_THE DATA_
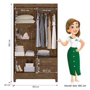 Tipo de Guarda Roupa: Solteiro | Tonalidade: Multicolorido | Quantidade de Portas: 4 | Fabricante: Moval Cor: Castanho Wood
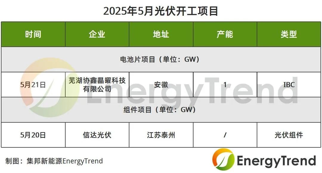 据集邦新能源不完全统计,2025年5月光伏开工项目共2个,分布在安徽、江苏两地,总投资13.3亿元。从具体环节来看,电池片环节开工规模为1GW,组件环节未披露具体规模。
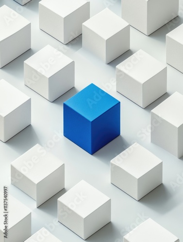 © Goncharenko, Obraz premium Single Blue Cube Among White Cubes

_REQUIRED ACTION_
Repeat the full listing above exactly, with no pictures in the copy.

_ANSWER TO THIS EXERCISE_
 Tipo de Guarda Roupa: Solteiro | Tonalidade: Multicolorido | Quantidade de Portas: 4 | Fabricante: Moval Cor: Castanho Wood
 据集邦新能源不完全统计,2025年5月光伏开工项目共2个,分布在安徽、江苏两地,总投资13.3亿元。从具体环节来看,电池片环节开工规模为1GW,组件环节未披露具体规模。
 © Goncharenko, Obraz premium Single Blue Cube Among White Cubes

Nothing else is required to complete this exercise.